Amrik Singh Chawla, a financial
services consultant who was chased by the three men in Lower Manhattan
on Tuesday, sprinted onto a train and landed in Brooklyn, where he slipped
into a shop, stuffed his turban into his briefcase and wore his hair in
a ponytail for the rest of the day. "I'm like terrified for my life now,
not just seeing people flying out of buildings, but for my own life," Mr.
Chawla said.
In New York, police officers stood
sentry outside many mosques. The most popular Arab and Muslim shopping
strips one along Atlantic Avenue in Brooklyn, another along Steinway Street
in Astoria, Queens were lined with police. Outside a mosque on Steinway
Street late yesterday morning, a man stood with a homemade placard that
read, "Get out of our country." At a makeshift memorial at Union Square,
a spat broke out over a favorable comment about Islam.
Nowhere was the apprehension of
ordinary Arab and Muslim New Yorkers as apparent as it was yesterday at
the offices of the Arab- American Family Service Center in Cobble Hill.
Its executive director, Emira Habiby-Browne, a Palestinian-American, had
yanked the group's name off the front door early Tuesday morning. Yesterday
afternoon, she had bolted all the doors that led to her office and holed
up inside with a legal pad and a telephone. Two kinds of calls came in,
she said. There were threats. One man said, for instance, "You should all
die for what you've done to my country." There were requests for guidance.
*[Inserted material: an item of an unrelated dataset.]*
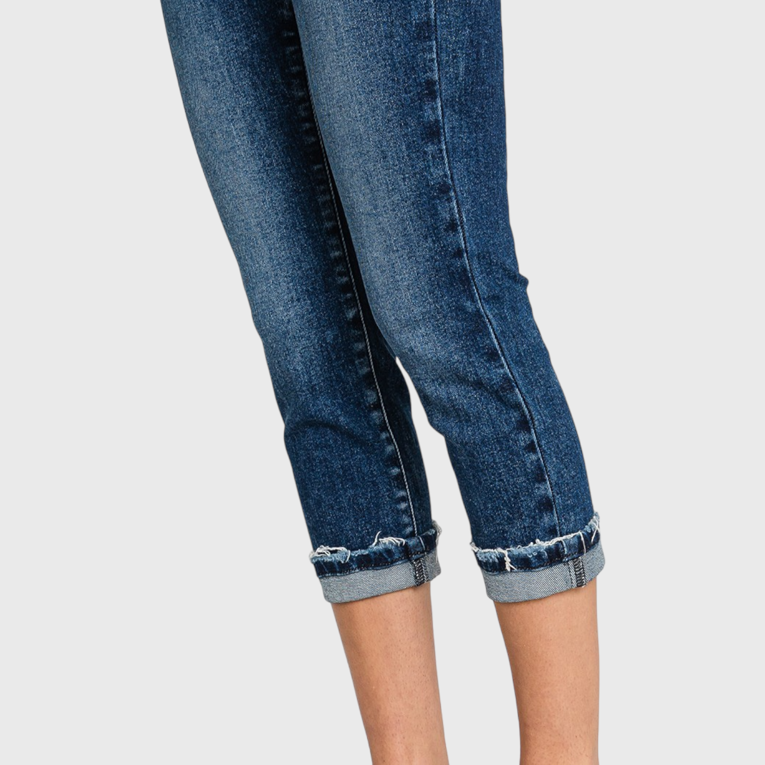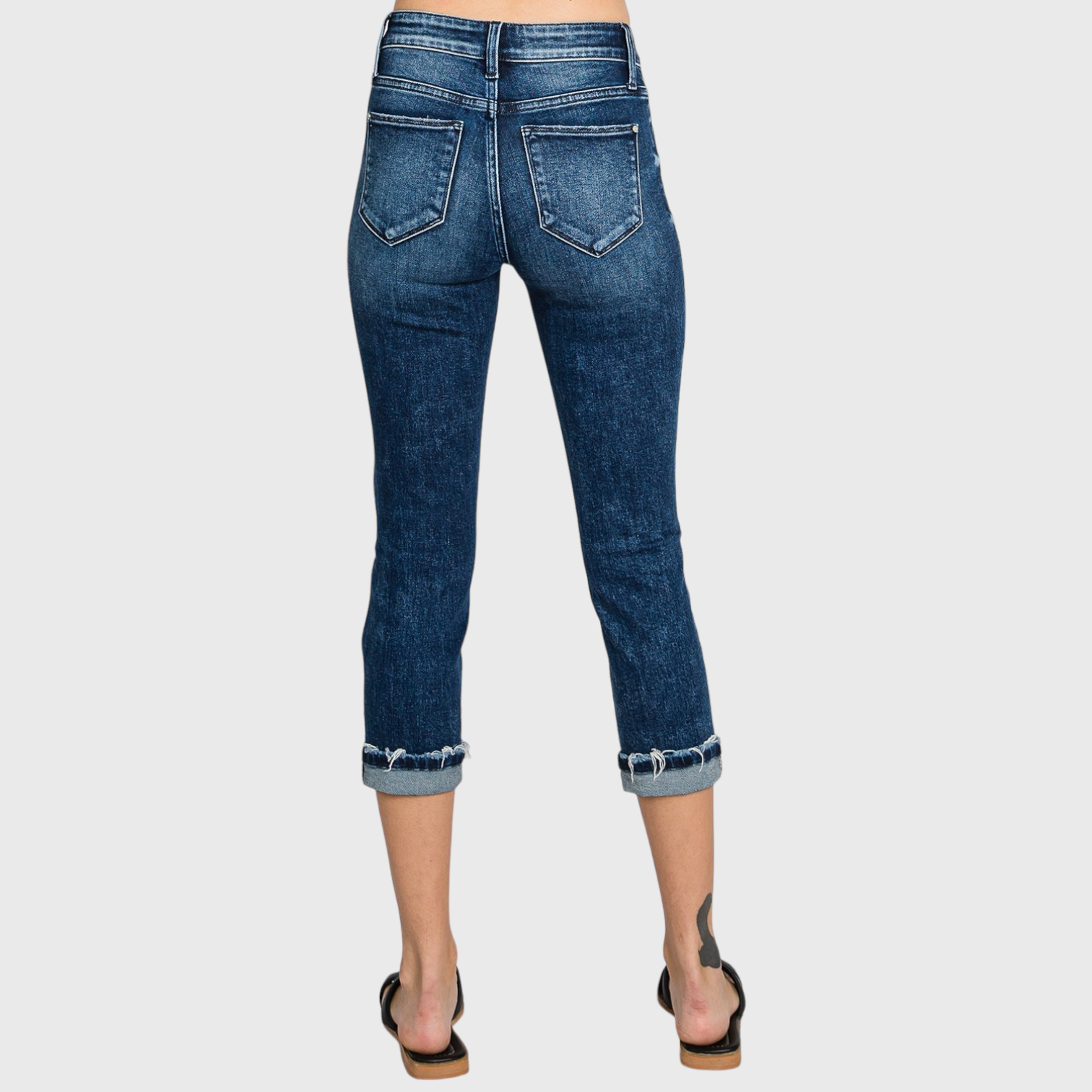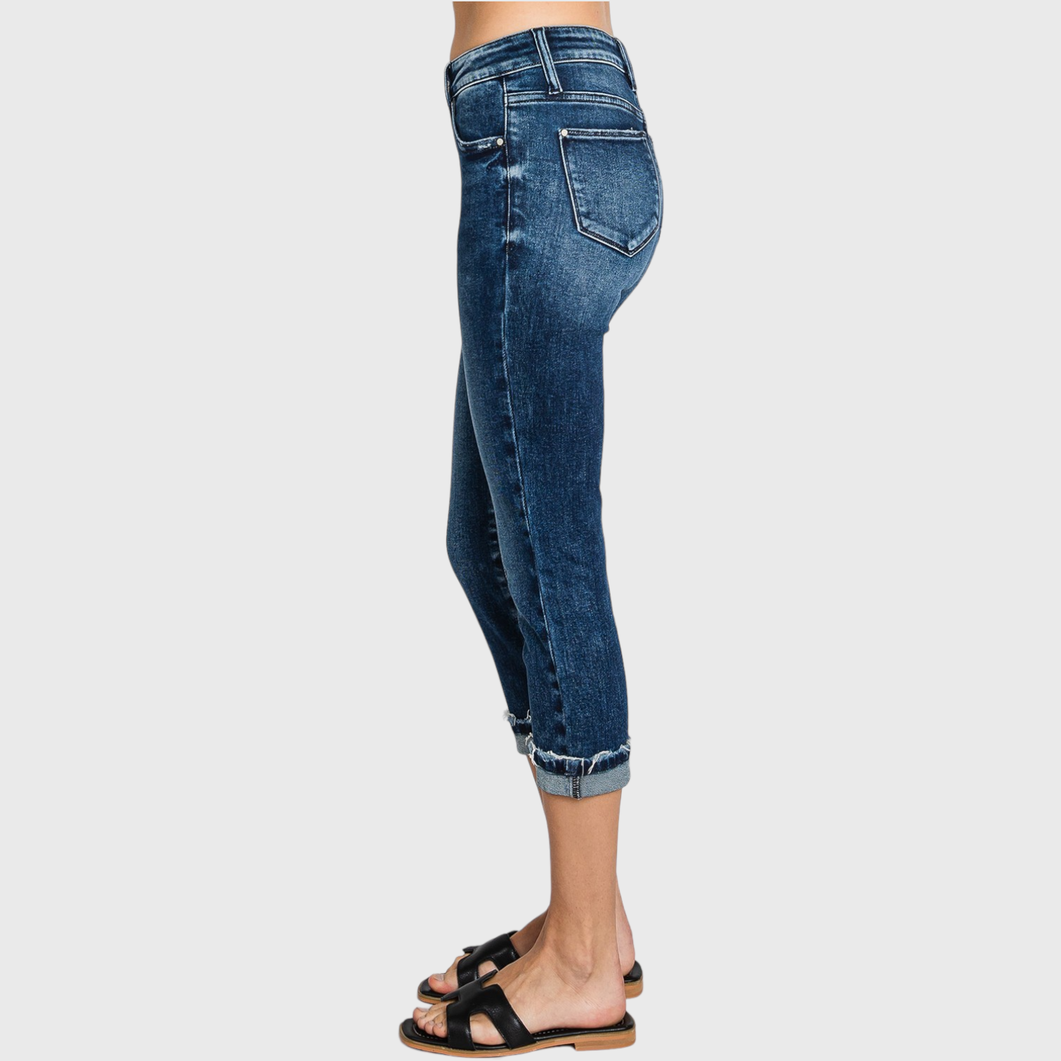 MID RISE SKINNY CAPRI JEANS W/ CUFFED HEM - 9" Rise, 21.5" Inseam after cuffed hem, Modeled in size 3/25 - Mid-rise Skinny capri silhouette - 1.5" single cuffed hem - Button closure and zip fly - 5-pocket styling - 88% Cotton,10% Rayon,2% Spandex

An Arab woman called, wanting to donate blood but afraid to step outside
in her traditional hijab.
Another stopped by the office, bewildered
about how to speak to the parents of her son's friends or what to tell
him about how to handle himself. Ms. Habiby-Browne spent much of the afternoon
lining up her staff to head out to schools with large numbers of Arab children.
Even her staff psychologist was wary of coming in. "My concern is the children
when they go back to school," she said. "I don't know if they'll know how
to respond."
Indeed, she was already weary trying
to come up with the right things to say. She had said them all before during
the gulf war, during the 1993 World Trade Center bombing, in the days after
Oklahoma City. "Has anybody thought about the Arabs who work in the World
Trade Center?" she wondered aloud. "This is a community like any other
community. They vote. They pay taxes." Her throat was running dry at this
point. "Arab-Americans who are here chose to be here."